Exercise data.
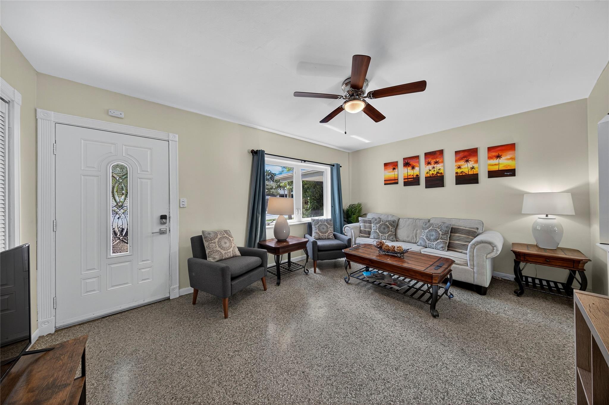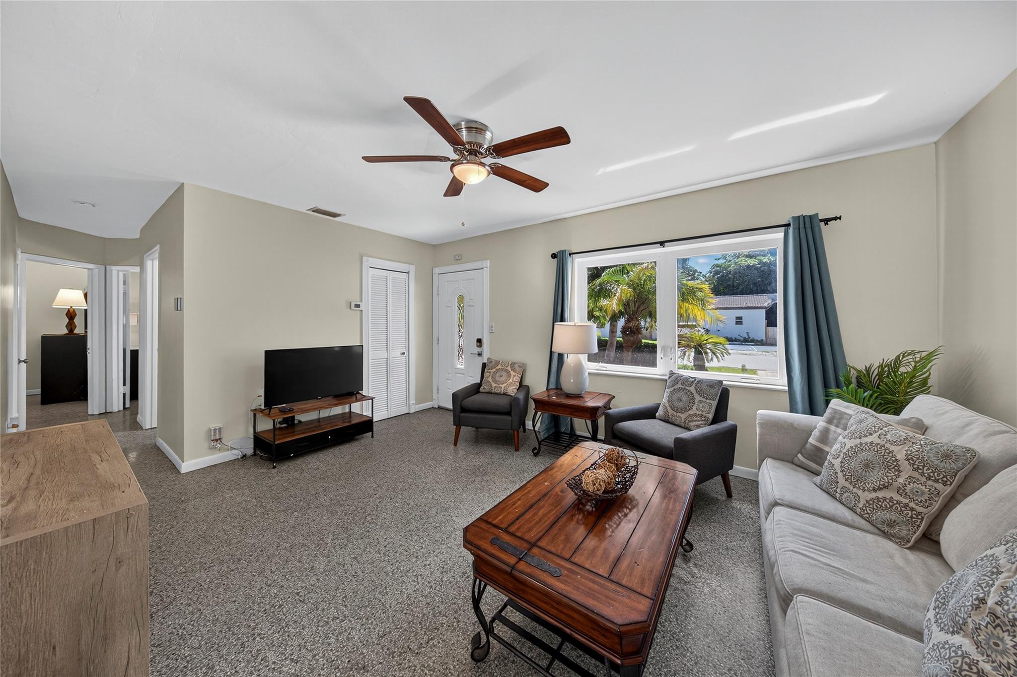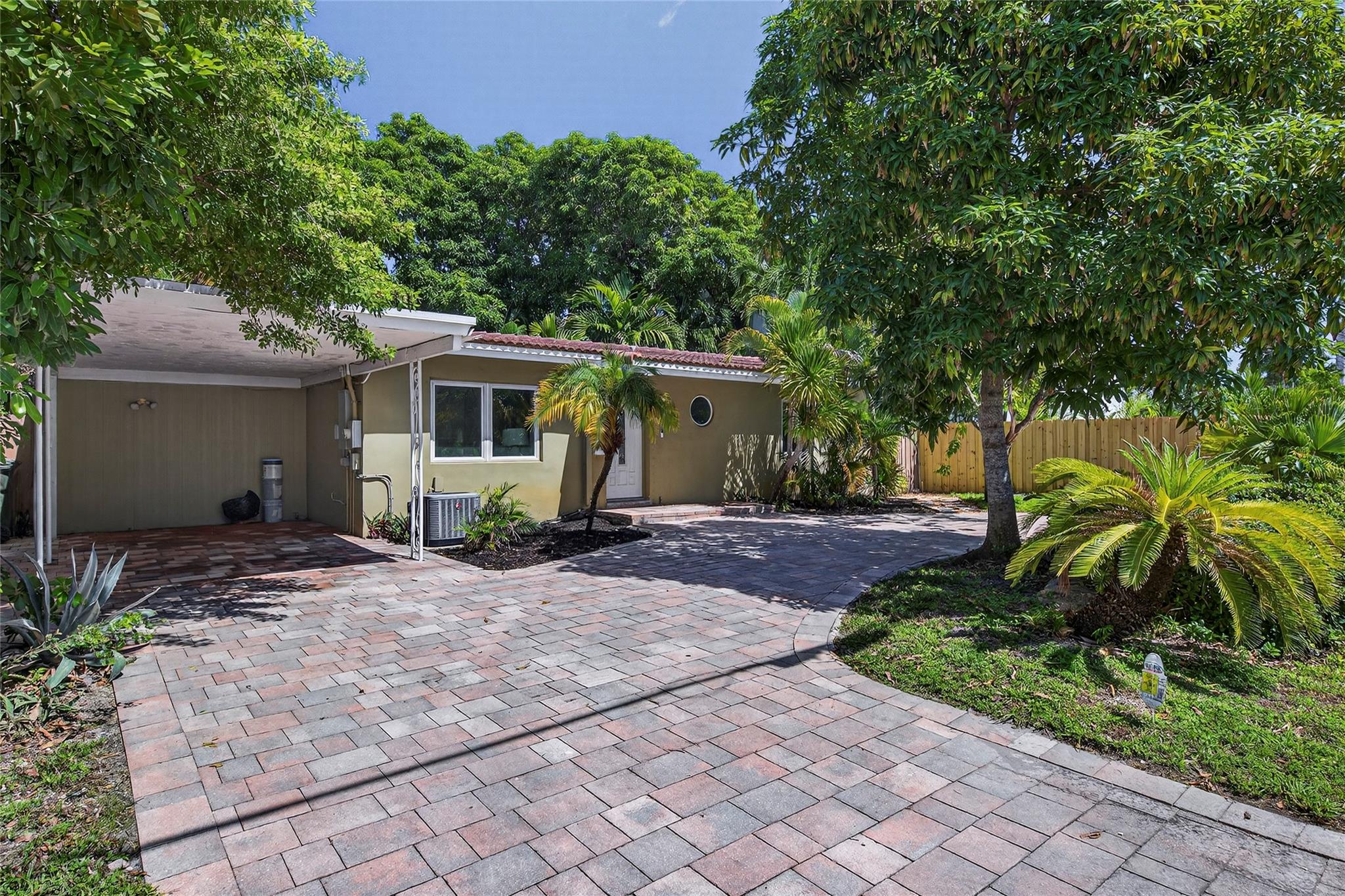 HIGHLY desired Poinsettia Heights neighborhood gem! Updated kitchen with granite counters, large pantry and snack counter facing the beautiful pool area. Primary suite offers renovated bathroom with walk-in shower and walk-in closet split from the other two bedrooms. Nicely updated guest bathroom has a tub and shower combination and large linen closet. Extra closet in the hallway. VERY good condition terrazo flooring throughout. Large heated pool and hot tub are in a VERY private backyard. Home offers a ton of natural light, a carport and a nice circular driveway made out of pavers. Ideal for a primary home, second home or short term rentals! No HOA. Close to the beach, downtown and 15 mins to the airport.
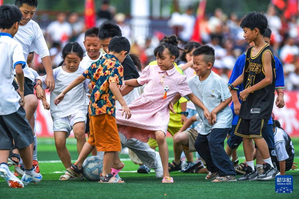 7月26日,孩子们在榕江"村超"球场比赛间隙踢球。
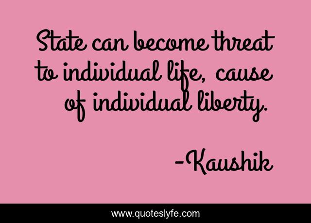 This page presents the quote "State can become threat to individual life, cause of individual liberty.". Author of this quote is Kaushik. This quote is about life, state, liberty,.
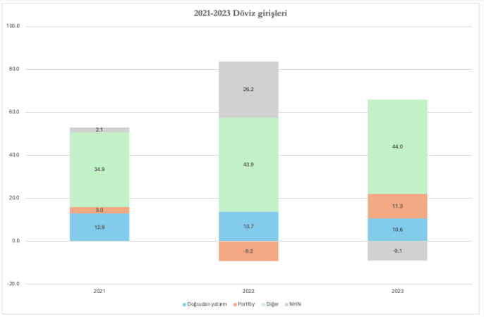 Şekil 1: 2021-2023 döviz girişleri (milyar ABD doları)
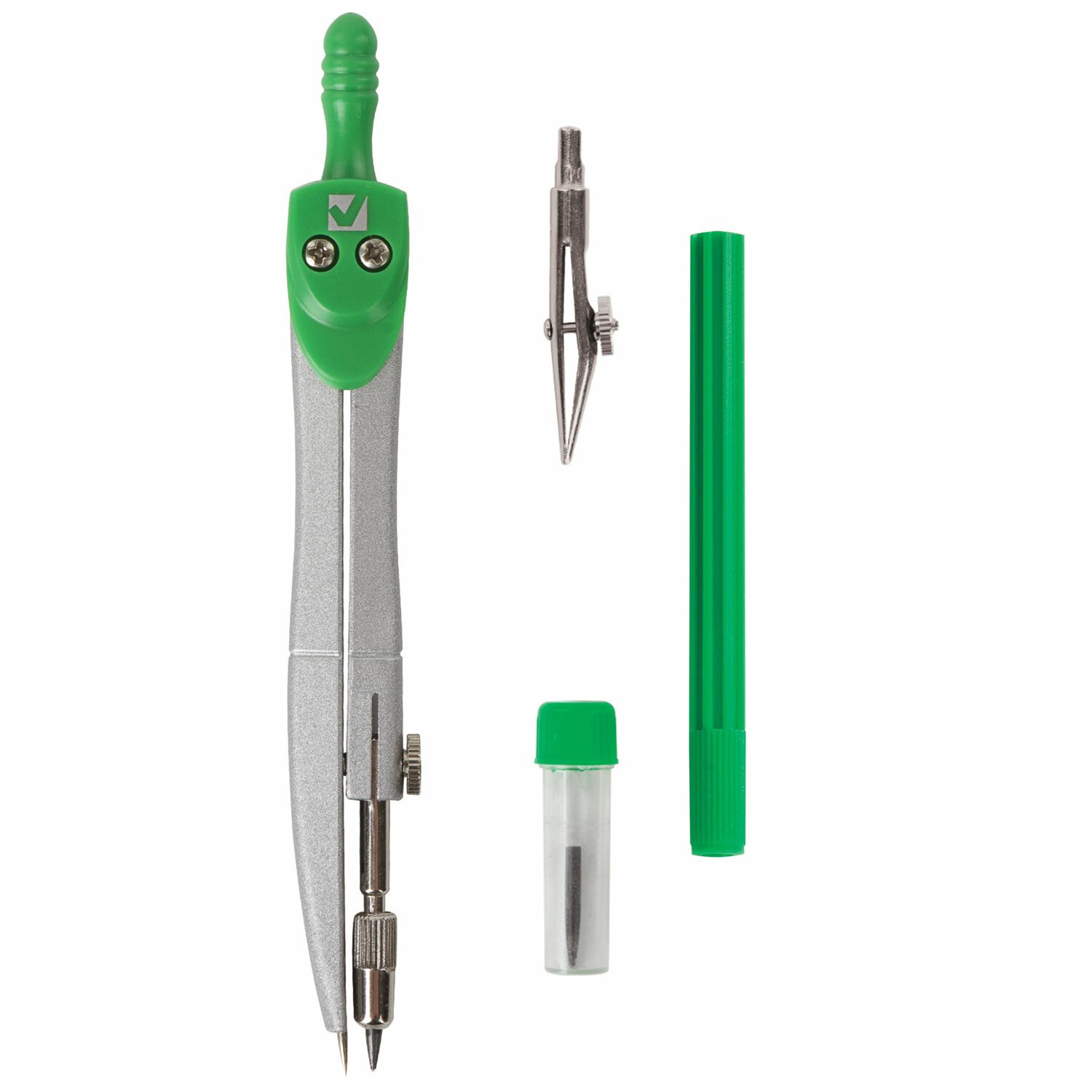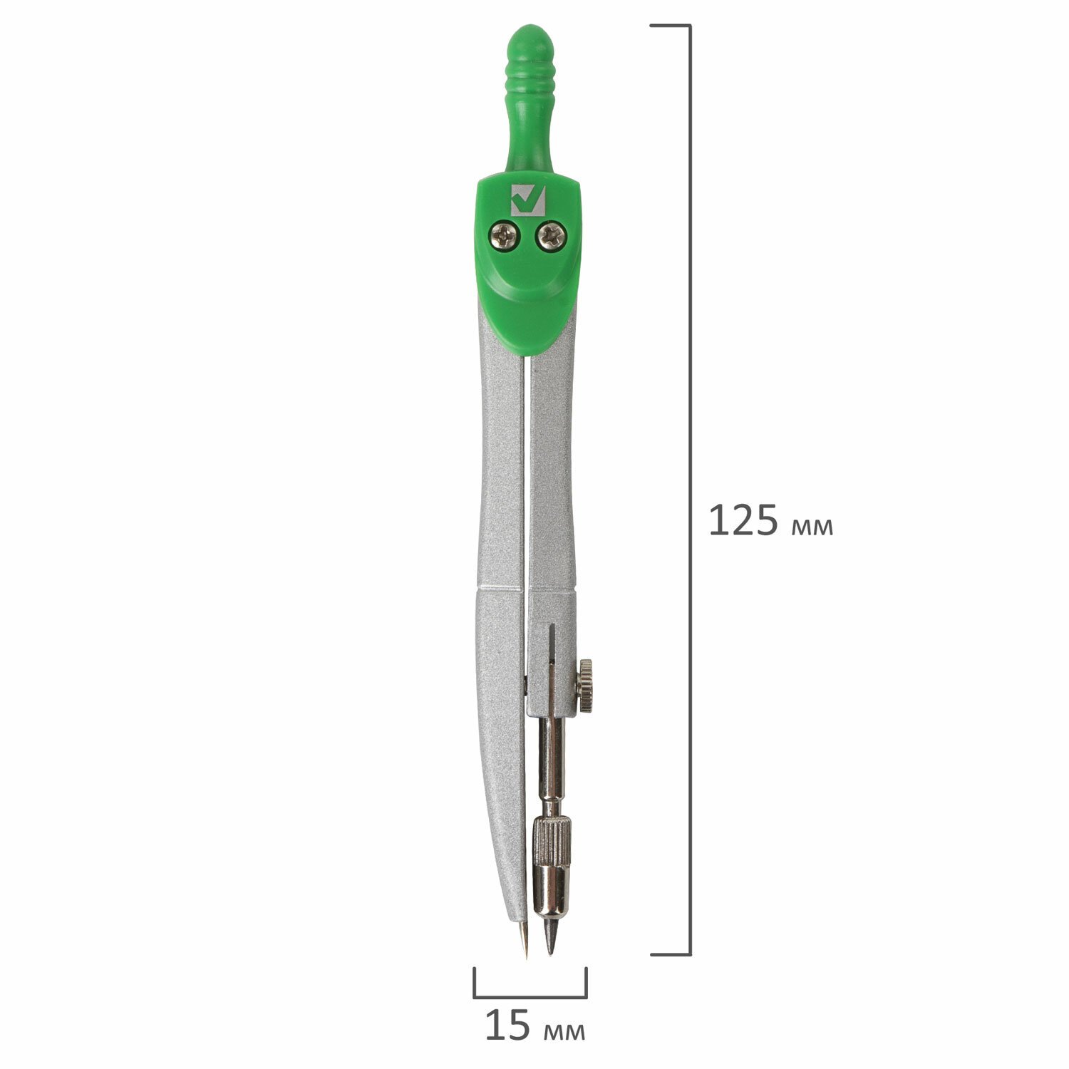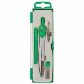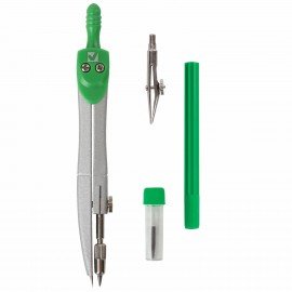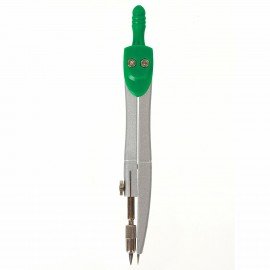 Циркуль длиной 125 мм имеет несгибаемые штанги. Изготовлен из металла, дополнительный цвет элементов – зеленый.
==
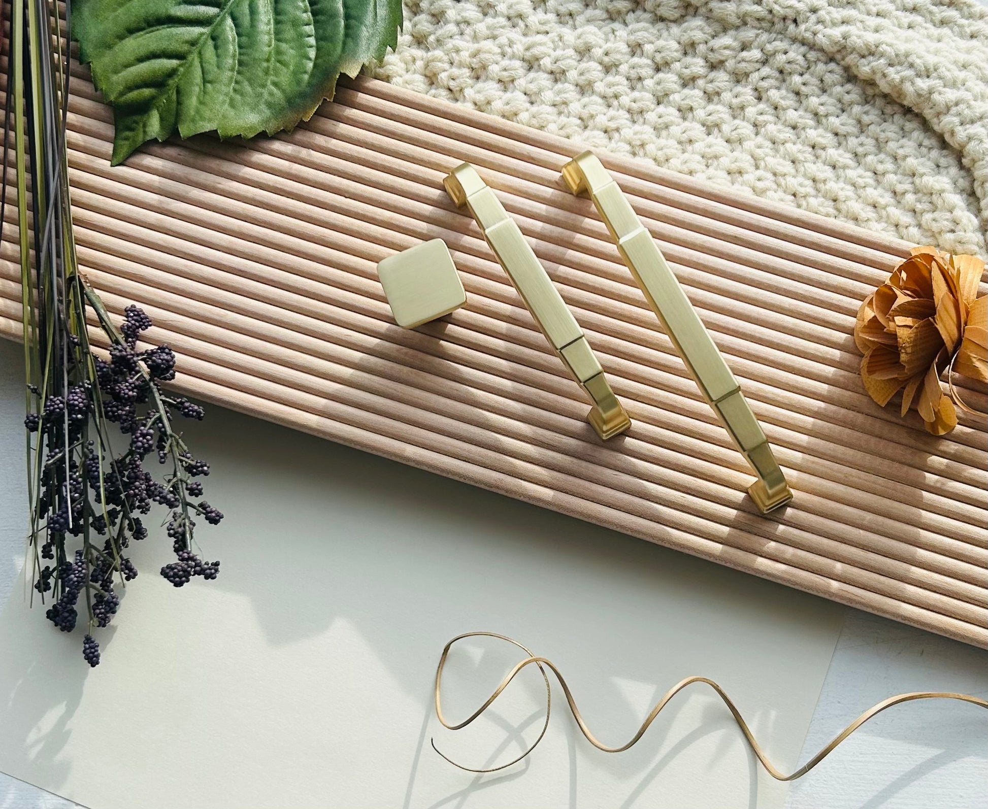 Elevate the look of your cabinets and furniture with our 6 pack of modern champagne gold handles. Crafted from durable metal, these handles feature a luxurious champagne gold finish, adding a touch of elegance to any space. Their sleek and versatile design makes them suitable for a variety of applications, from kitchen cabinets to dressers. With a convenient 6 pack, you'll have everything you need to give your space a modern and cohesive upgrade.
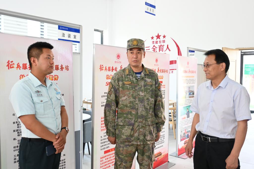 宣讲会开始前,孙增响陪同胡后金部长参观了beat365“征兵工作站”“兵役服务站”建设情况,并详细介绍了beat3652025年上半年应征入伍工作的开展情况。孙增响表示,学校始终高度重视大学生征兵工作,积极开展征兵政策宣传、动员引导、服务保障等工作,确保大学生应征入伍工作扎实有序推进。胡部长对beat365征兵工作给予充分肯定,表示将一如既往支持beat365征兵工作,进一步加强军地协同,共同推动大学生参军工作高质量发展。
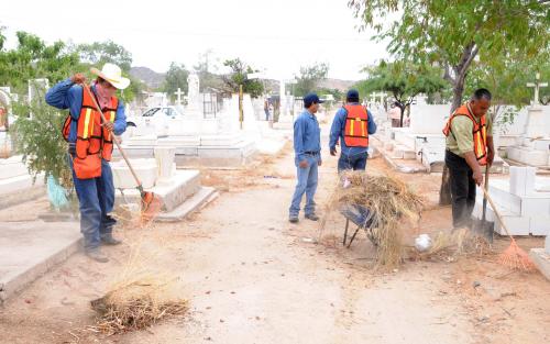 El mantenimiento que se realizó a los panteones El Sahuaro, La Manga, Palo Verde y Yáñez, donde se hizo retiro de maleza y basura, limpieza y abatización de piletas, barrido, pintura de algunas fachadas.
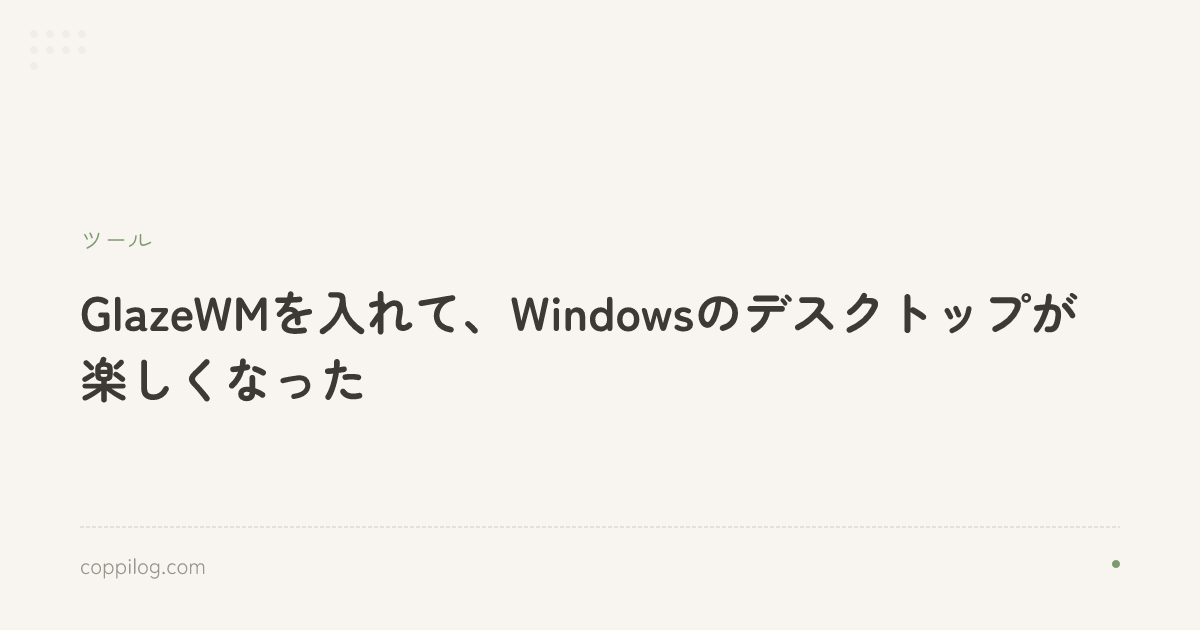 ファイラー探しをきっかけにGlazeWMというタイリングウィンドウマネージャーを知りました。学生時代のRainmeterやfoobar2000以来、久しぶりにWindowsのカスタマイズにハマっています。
---
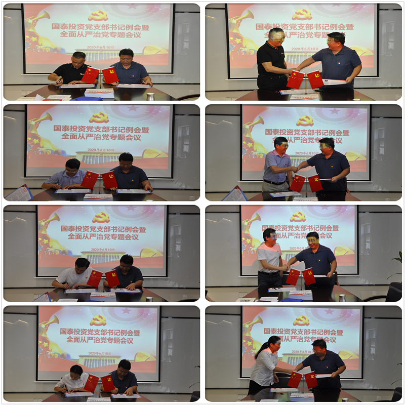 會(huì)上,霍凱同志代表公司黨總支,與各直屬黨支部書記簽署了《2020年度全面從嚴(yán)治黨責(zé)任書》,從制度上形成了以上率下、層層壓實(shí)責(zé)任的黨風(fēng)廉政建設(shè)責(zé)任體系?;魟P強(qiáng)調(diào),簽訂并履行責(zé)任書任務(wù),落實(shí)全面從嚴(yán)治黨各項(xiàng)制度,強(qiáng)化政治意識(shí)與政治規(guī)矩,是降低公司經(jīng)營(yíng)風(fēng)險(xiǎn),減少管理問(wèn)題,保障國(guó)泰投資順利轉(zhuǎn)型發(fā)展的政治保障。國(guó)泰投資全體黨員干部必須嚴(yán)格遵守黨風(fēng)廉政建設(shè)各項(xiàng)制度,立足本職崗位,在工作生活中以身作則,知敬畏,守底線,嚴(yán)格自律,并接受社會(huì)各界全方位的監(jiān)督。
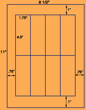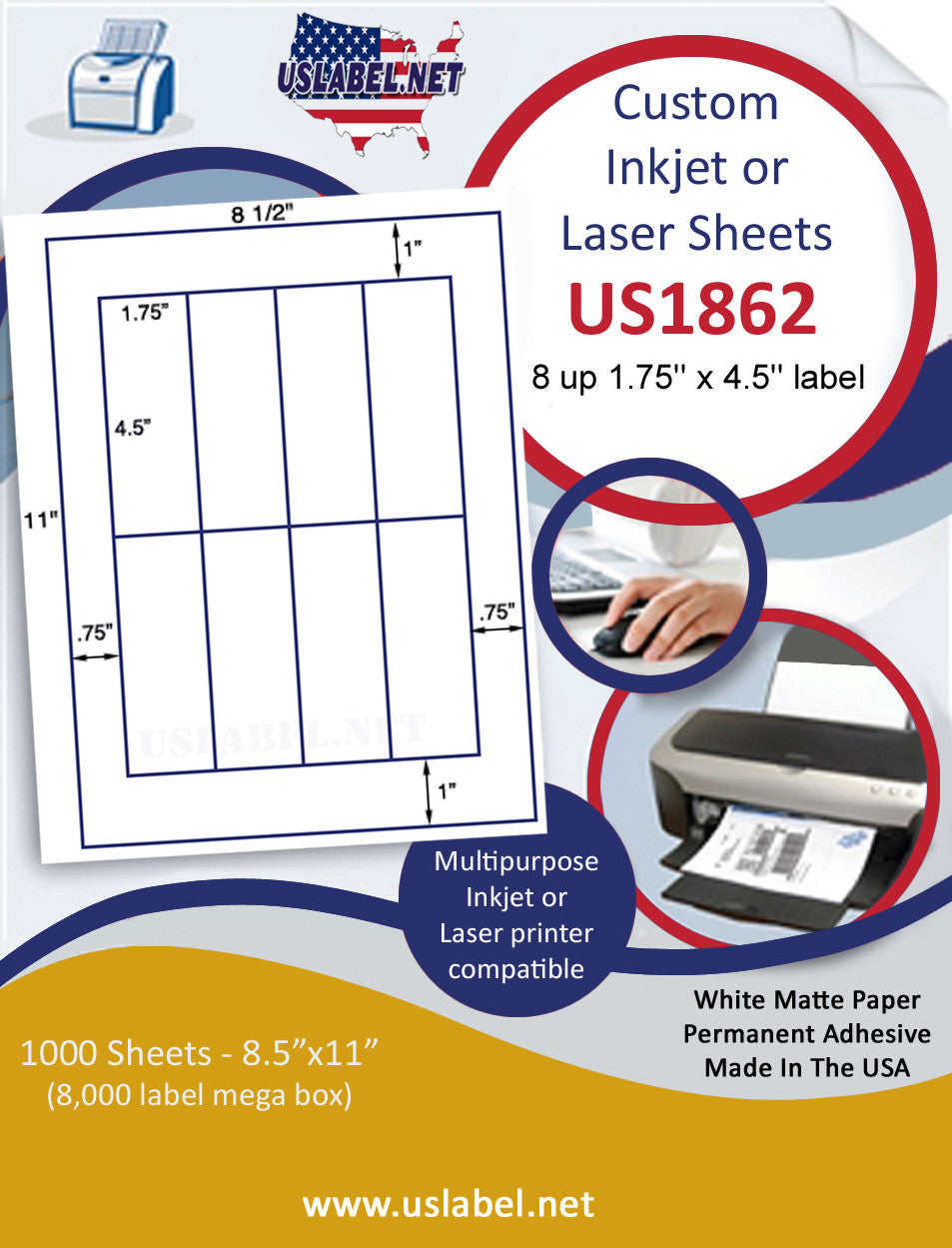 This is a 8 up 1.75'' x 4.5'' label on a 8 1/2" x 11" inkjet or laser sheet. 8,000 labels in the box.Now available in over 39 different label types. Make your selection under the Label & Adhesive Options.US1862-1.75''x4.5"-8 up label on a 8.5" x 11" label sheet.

Problem to work on.
Up in the listing, locate the line with "This page presents"; print it and every line after it down to the line with "Циркуль длиной 125", which is included too. Skip the pictures.

Answer section.
 This page presents the quote "State can become threat to individual life, cause of individual liberty.". Author of this quote is Kaushik. This quote is about life, state, liberty,.
 Şekil 1: 2021-2023 döviz girişleri (milyar ABD doları)
 Циркуль длиной 125 мм имеет несгибаемые штанги. Изготовлен из металла, дополнительный цвет элементов – зеленый.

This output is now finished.